Mr Sainath also spoke about the crisis of inequality which affects the Dalits and the Adivasis far more than anyone else as 90 percent of the rural households take home less than Rs 10,000/- per month. “Women are yet another group whose labour is never counted in the gross domestic product. Women and girls globally do unpaid work which amounts to about 12.5 billion working hours per year. Monetarily speaking, this is worth 10.8 trillion dollars,” Mr Sainath added. 

Speaking about the crisis of jobs Mr Sainath said that major companies were laying off employees just to create more profits for the investors and the adoption of artificial intelligence in the industry would further destroy millions of jobs.

Rector of St Aloysius College Institutions Fr Dionysius Vaz SJ, Principal Dr (Fr) Praveen Martis SJ, HOD of Journalism and Mass Communication department Dr (Fr) Melwyn Pinto SJ were present.

‘Veerappan and Vijay Mallya’s business models are interesting!’

Addressing the gathering during his endowment lecture on Friday, Mr Sainath made an interesting comment on the so called ‘revenue model’. “Whenever I visit IIMs and IITs for lectures on my PARI project, the students there ask me what my revenue model for my project is. I tell them that I do not have a revenue model. In fact, journalism does not begin with a revenue model. Gandhiji, Ambedkar, Bhagat Singh were all great journalists. But they did not have a revenue model,” Mr Sainath said.

On a lighter note, he said that the best revenue model that he liked was that of forest brigand Veerappan and liquor baron Vijay Mallya. “Veerappan ruled the forest for forty years and from the top ministers to the villagers he could dictate terms and liver royally. Similarly, Mallya’s revenue model was to steal the banks and run away abroad and live like a king,” Mr Sainath added.

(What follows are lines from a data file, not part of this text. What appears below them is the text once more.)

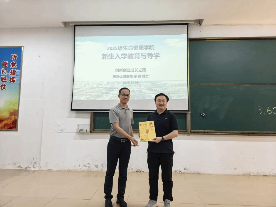 擎科生物上海基地总经理吕国强校友以 "生物产业发展现状" 为题,为新生们带来了一场生动的讲座。他从自己的求学经历讲起,分享了在校期间担任班长的经历,强调了学生工作对培养组织协调能力和沟通能力的重要性。他深入浅出地讲述了现代生物医药产业的发展现状与机遇,分析了大学生创业的路径和方法。结合擎科生物的发展历程,为新生们展示了生物产业的广阔前景,鼓励大家在大学期间打好专业基础,为未来的职业发展做好准备。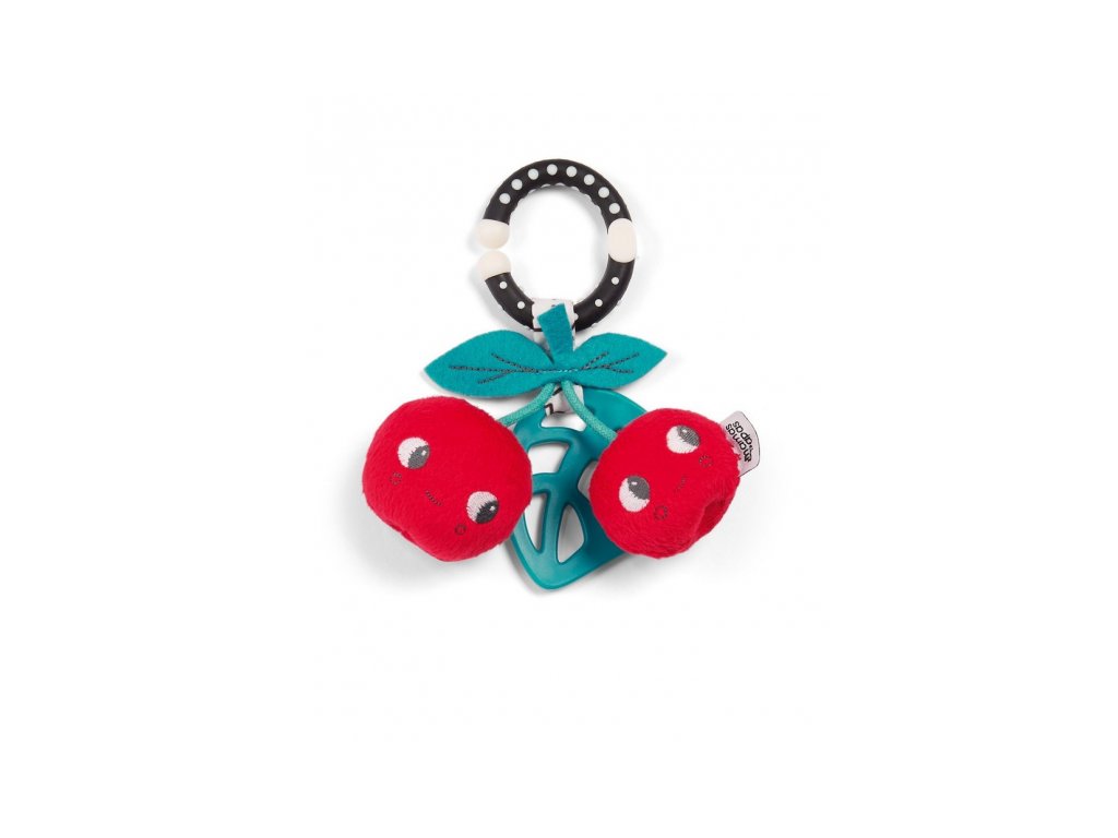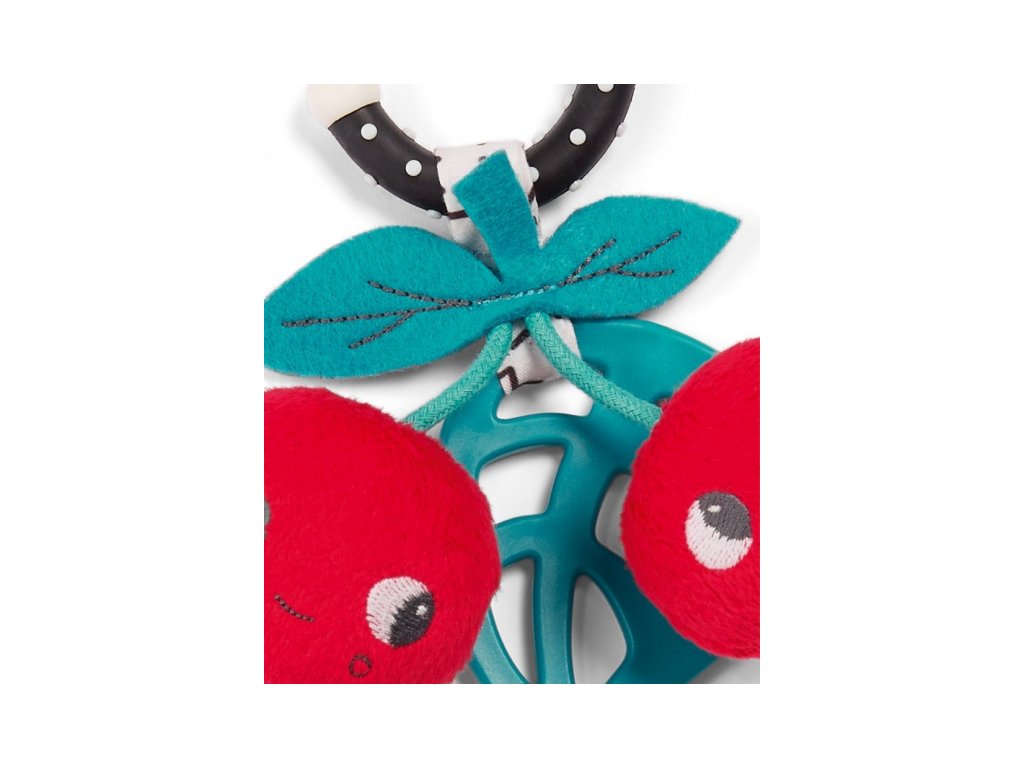 Třešničky jemně chrastí a šustí a lístek slouží jako kousátko k úlevě při prořezávání zoubků. Ideální k zavěšení na kočárek či autosedačku.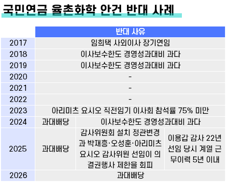 율촌화학 과대배당 지적은 2024년부터 시작돼 올해까지 2년 연속 이어지고 있다. 국민연금은 회사의 재무 상황이나 수익성 대비 배당 규모가 지나치게 크다는 입장을 유지하고 있으며 이 같은 판단은 실제 주총 의결권 행사로도 이어지고 있다.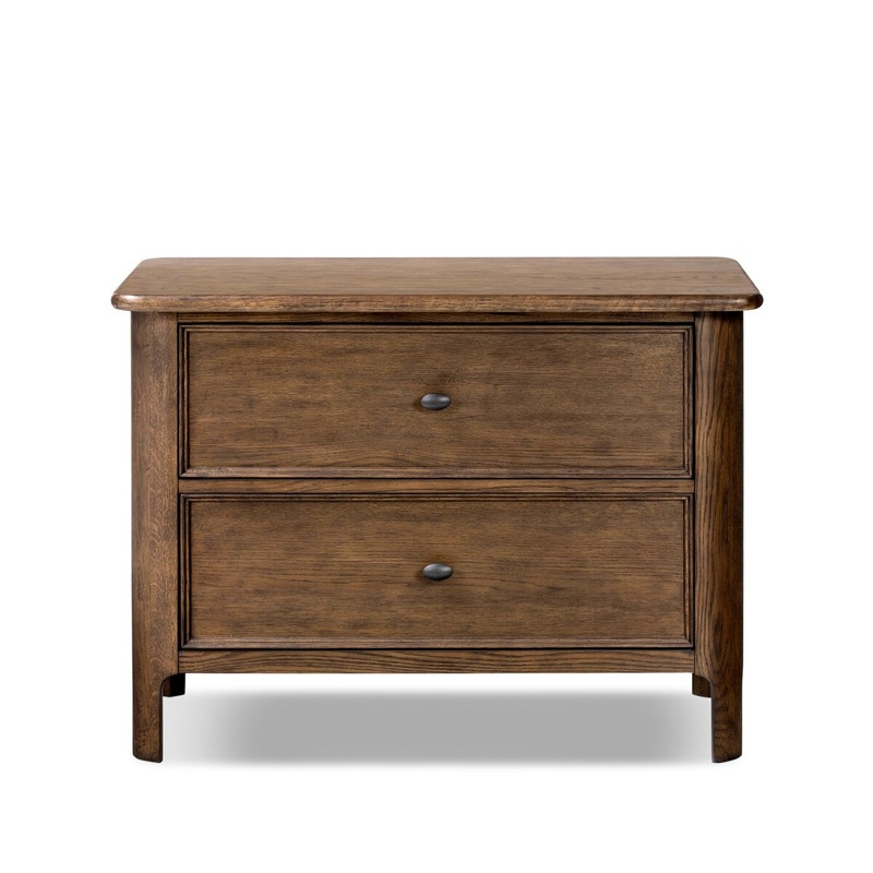 Like an heirloom nightstand with two roomy drawers, this aged oak design has room for it all. Detailed with an overhang surface, carved edges top to bottom, angled legs and oval drawer pulls finished in dark gunmetal.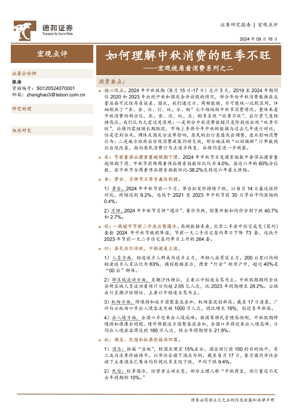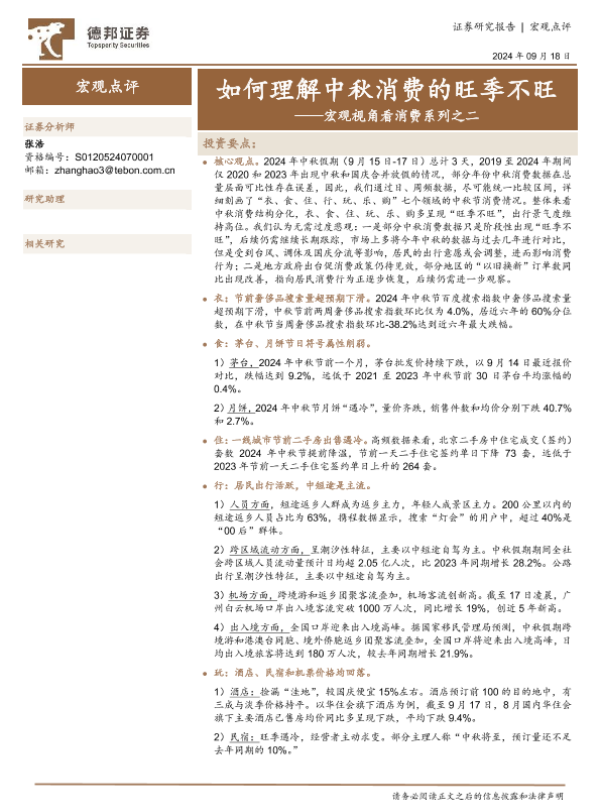 【德邦证券】【20240918】宏观视角看消费系列之二:如何理解中秋消费的旺季不旺-13页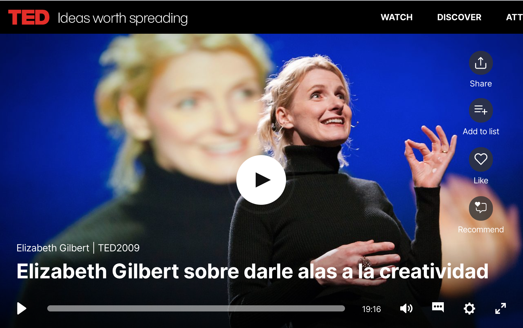 Me encanta la charla que dio en TED la escritora Elizabeth Gilbert. No he leído su famoso libro que después sirvió de inspiración para la película que lleva su mismo nombre, “Come, reza, ama”. Lo leeré en cuanto pueda porque la sensibilidad, calidez, cordura y humildad que transmite en la charla me han despertado la curiosidad sobre qué nos quiere contar en él y cómo lo hará.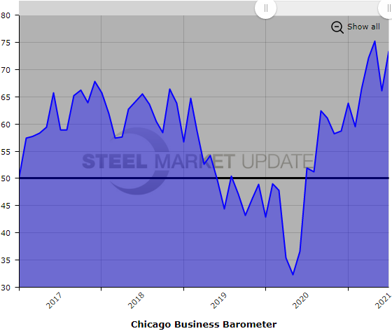 Below is a graph showing the history of the Chicago Business Barometer. You will need to view the graph on our website to use its interactive features; you can do so by clicking here. If you need assistance logging into or navigating the website, please contact us at info@SteelMarketUpdate.com.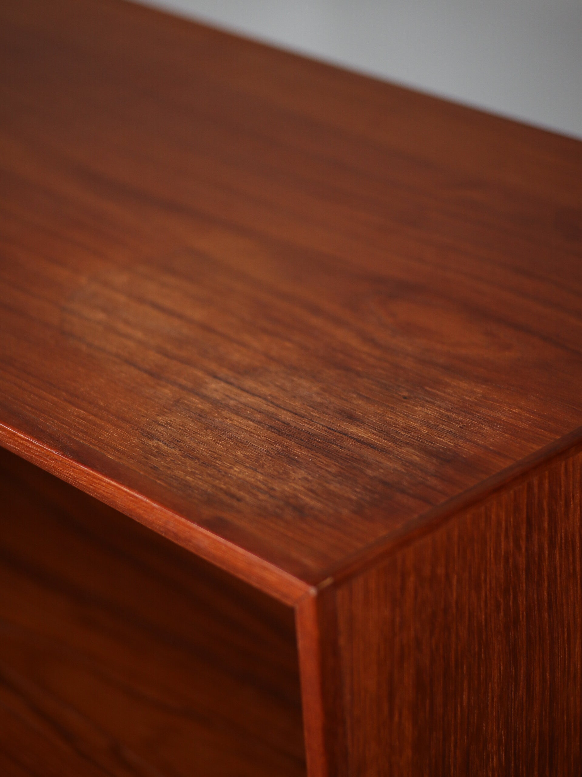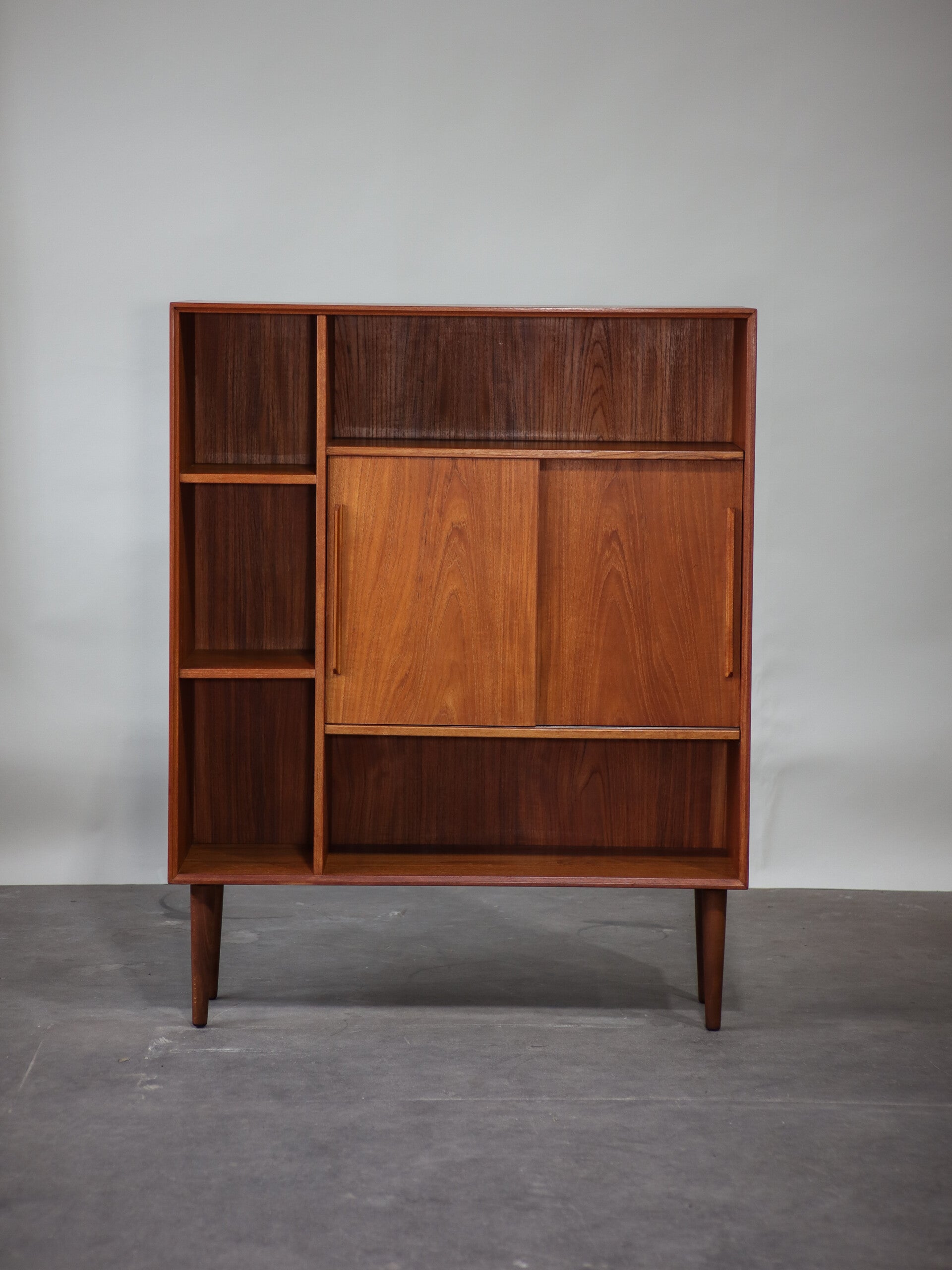Vakkenkast met een unieke indeling! Deze teakhouten boekenkast is geproduceerd in Denemarken, jaren '60. De kast heeft een prachtig vormgegeven omlijsting en mooie lange houten greepjes op de schuifdeuren. De kast heeft een minimalistische uitstraling en tegelijkertijd geven de vele vakken in verschillende groottes een speels effect. Echt een eyecatcher dus! De planken zijn in hoogte verstelbaar.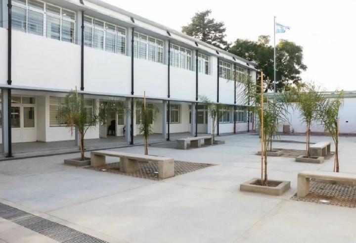 El proyecto conservó la fachada patrimonial de la ochava de calle Rivadavia, en su intersección con el bulevar San Martín, como sello distintivo y emblemático de la escuela para con la comunidad.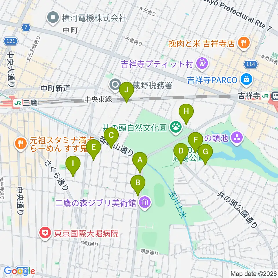 吉祥寺NEPO周辺のファミレス・ファーストフード一覧地図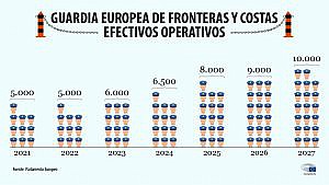 El cuerpo deberá contar con 5.000 guardias en 2021, para aumentar a 10.000 en 2027. La agencia dispondrá además de una reserva de reacción rápida para intervenciones de emergencia en las fronteras, con 1.500 guardias aportados por los países.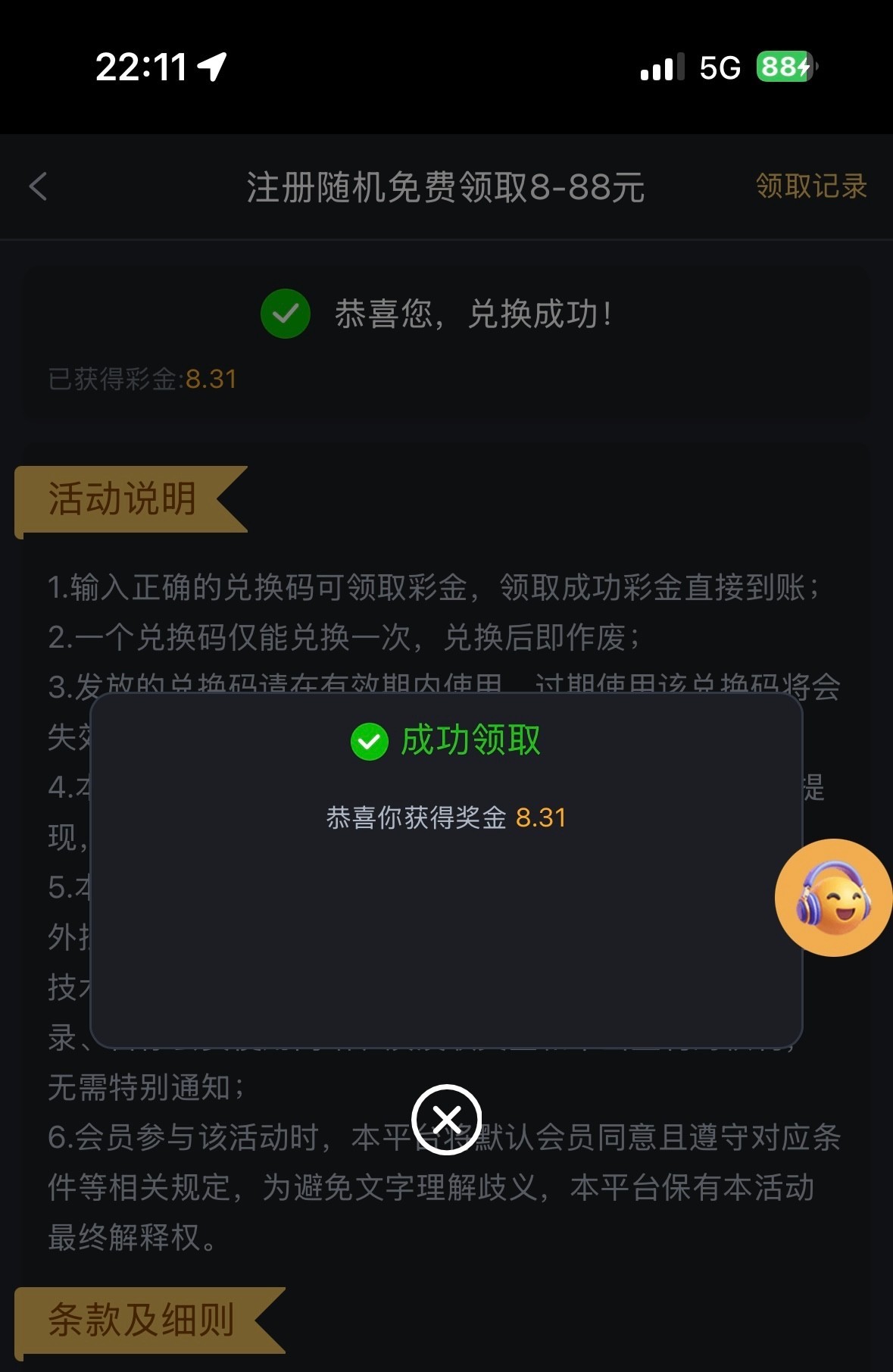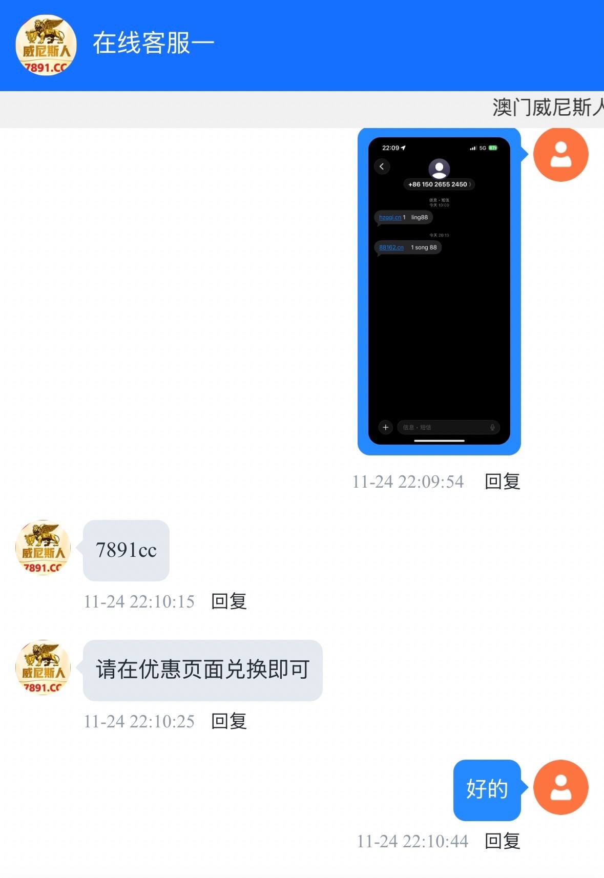 优惠活动里充值后找客服领取兑换码

Journalism is not and can never be a business. It is a calling, he opined. While newspaper can be a business, television can be a business, journalism per se cannot be reduced to a business. “Unfortunately today, journalists are recruited on a contract basis and they have no bargaining power; and there are no unions to fight for their cause. Hence, they are at the mercy of the corporate media houses for their survival and are made to write stories that cannot be called journalism,” Mr Sainath said.

Answering a question as to the pressures he faced as a journalist, he said that external pressures from the government or others could be very well handled. It is the internal pressures from once own media house that journalists find it difficult to manage.